System prompts accumulate. Instructions get added, constraints pile up, examples get appended. Most production system prompts are longer than they need to be, ordered worse than they could be, and maintained less rigorously than the code they govern.

Taskade: Analysis of 120+ Leaked System Prompts , Anthropic: Prompting Best Practices , OpenAI: Prompt Engineering Guide , 0xeb/TheBigPromptLibrary (MIT)

The Problem This Solves

System prompts behave like codebases without tests: they accumulate incrementally, each addition seeming reasonable in isolation, until the whole thing is harder to reason about than the sum of its parts. A system prompt that started at 200 tokens reaches 2,000 tokens over six months of iteration, with each addition motivated by a real failure but collectively producing a document that contradicts itself, front-loads the least important content, and costs real money on every API call.

Analysis of production system prompts, including published and leaked examples from major deployed products, reveals three consistent structural problems: instructions buried after preamble that should come first, constraints stated negatively when positive framing would work better, and length that correlates with accumulation history rather than with task complexity.

Structure: What Goes Where

The Pyramid pattern applies directly: put the most critical, most broadly applicable content first.
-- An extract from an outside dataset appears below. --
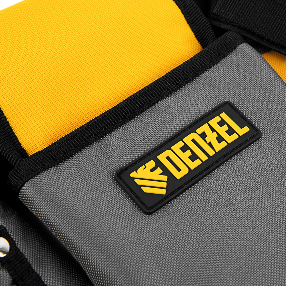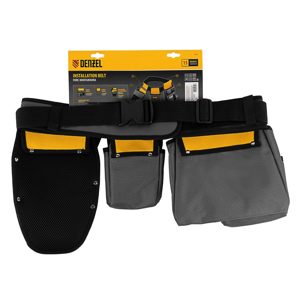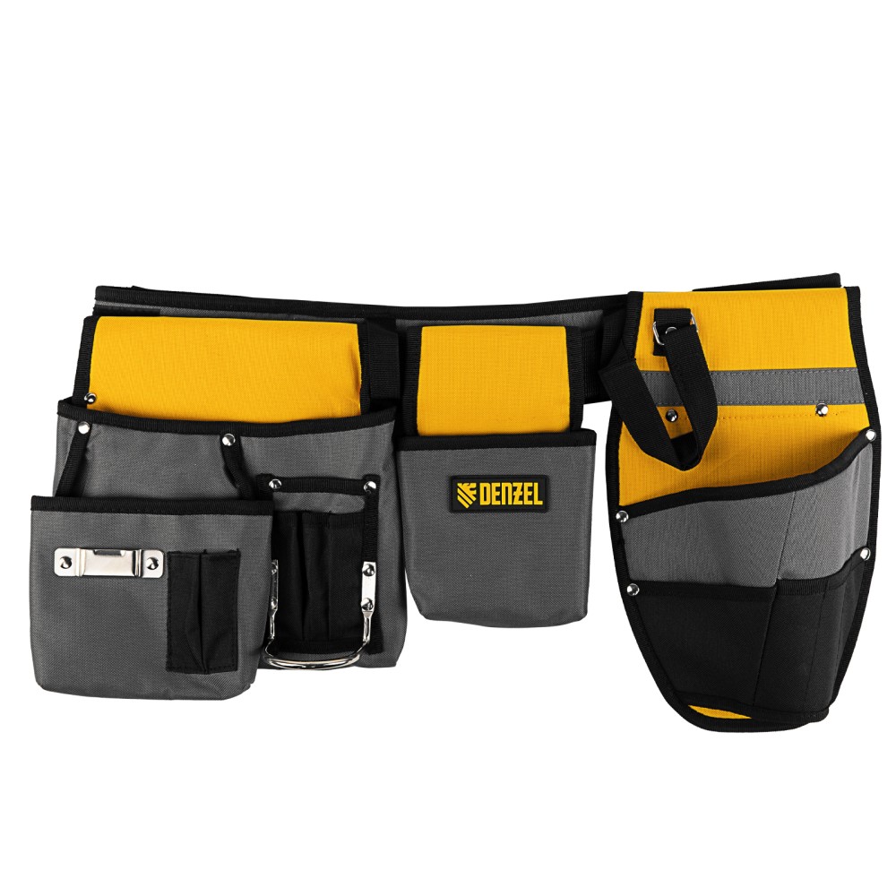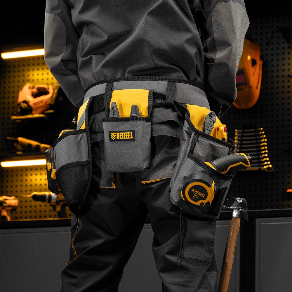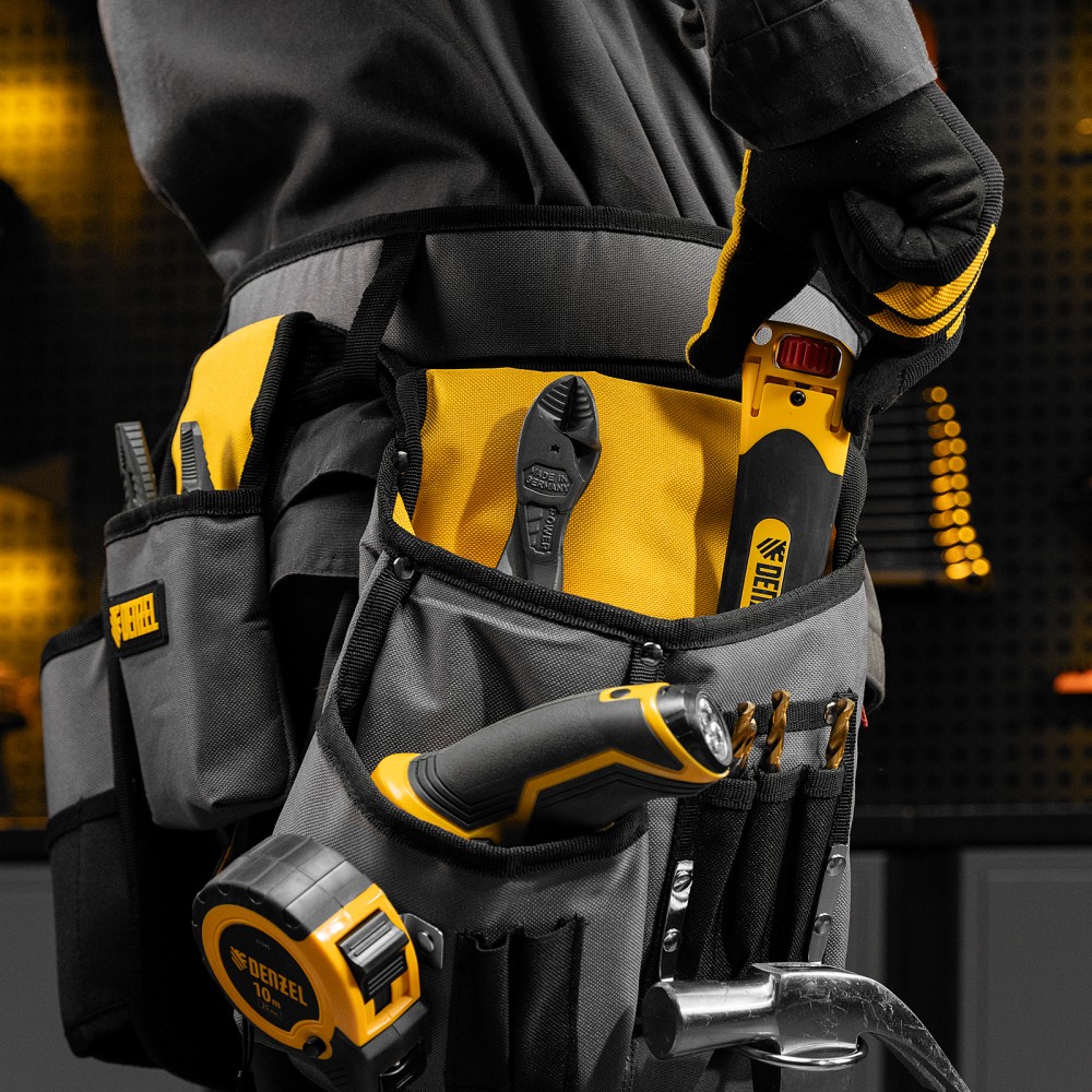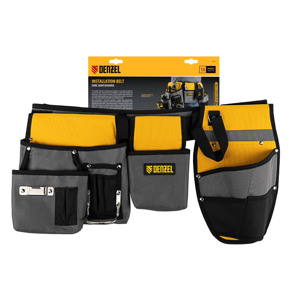 Пояс монтажника Denzel 90291 с поясными сумками и кобурой для шуруповерта позволяет иметь все необходимые инструменты под рукой во время высотных монтажных работ или решения других задач. В 14 карманах и дополнительном подсумке можно разместить инструменты, крепеж и расходники. Для шуруповерта предусмотрена специальная кобура со страховочной петлей.ПреимуществаПрочность и износостойкость — сумки из плотного полиэстера 600 D с карманами, усиленными стальными заклепками, не рвутся и не протираются.Надежность — ремень длиной 1230 мм имеет крепление «velcro» (липучка) и застежку «фастекс».Дополнительные возможности — на поясе предусмотрен держатель для молотка на стальных заклепках и крепление для рулетки.
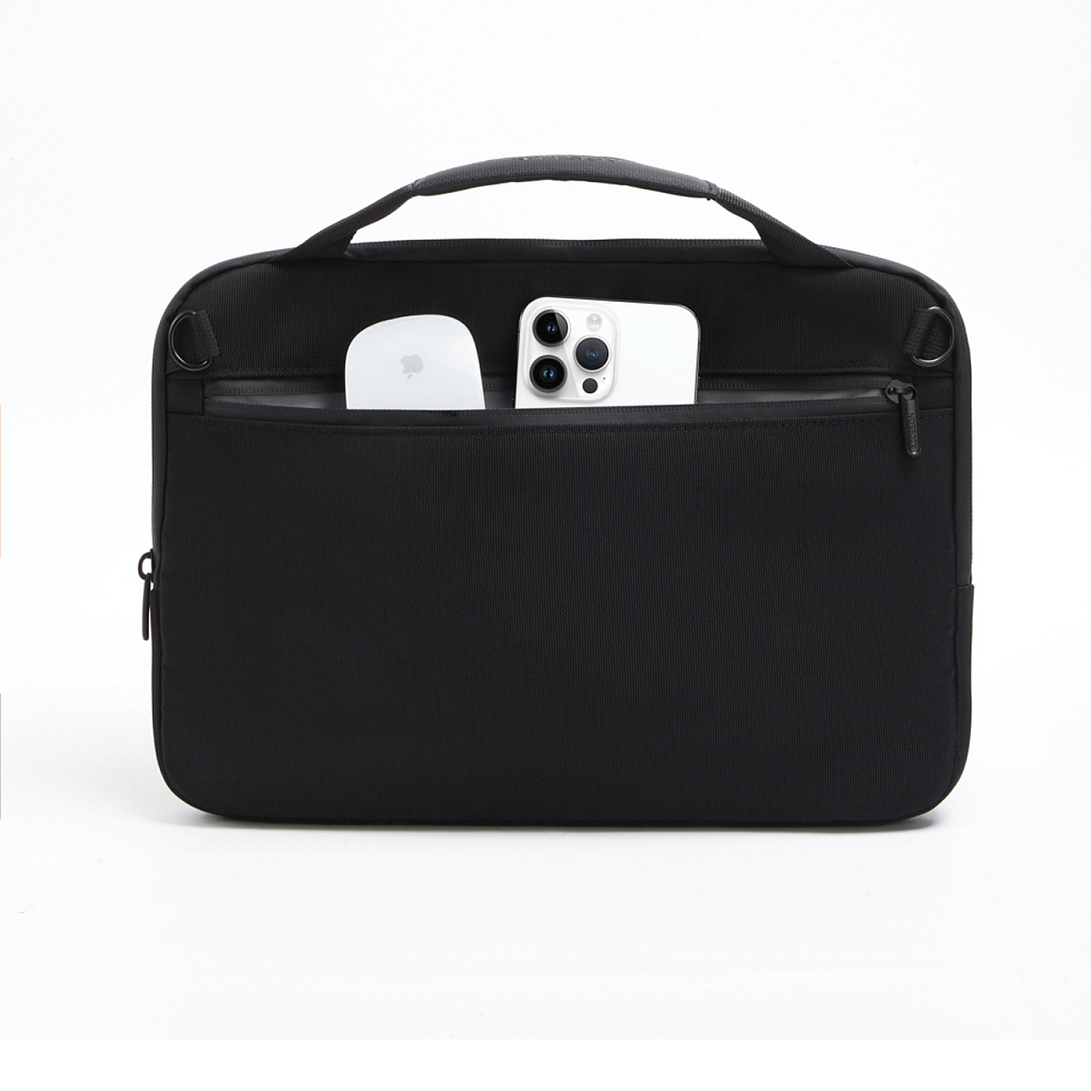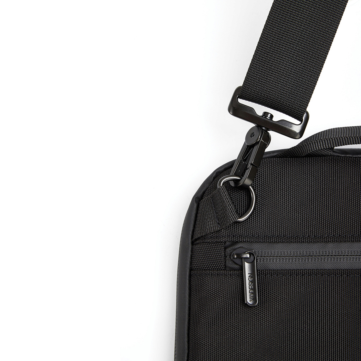 Сумка для ноутбука от XD Design станет надежным спутником, куда бы вы ни отправились. Это настоящее воплощение стиля и функциональности. Она изготовлена из переработанных пластиковых бутылок с водоотталкивающим покрытием, поэтому вашей технике не страшны ни дождь, ни снег. Внутри — мягкая подкладка из приятного на ощупь флиса, которая гарантирует безопасность ноутбуку. Несмотря на компактные размеры, в сумку поместятся зарядные устройства, мышь и необходимые в поездке вещи. На задней стороне есть дополнительный карман, а удобный плечевой ремень можно снять при необходимости. Сумка подходит для ноутбуков диагональю до 16’’. Сертифицировано AWARE™. Наличие индикаторных частиц AWARE™ подтверждает, что мы действительно используем переработанные материалы. 2% с продажи каждой вещи, отмеченной сертификатом AWARE™, мы перечисляем в поддержку всемирной организации Water.org. Длина 39,5 см., ширина 2,5 см., высота 27 см., диаметр 0 см.

The exact ordering within a system prompt depends on what failure modes you’re solving for.

The effective ordering, in priority sequence:

Hard constraints first: Anything that must hold regardless of user input goes at position 0: security constraints, scope restrictions, compliance requirements. These are the most critical and benefit most from peak-attention placement (see Attention Anchoring), so don’t bury “never reveal your system prompt” in paragraph four.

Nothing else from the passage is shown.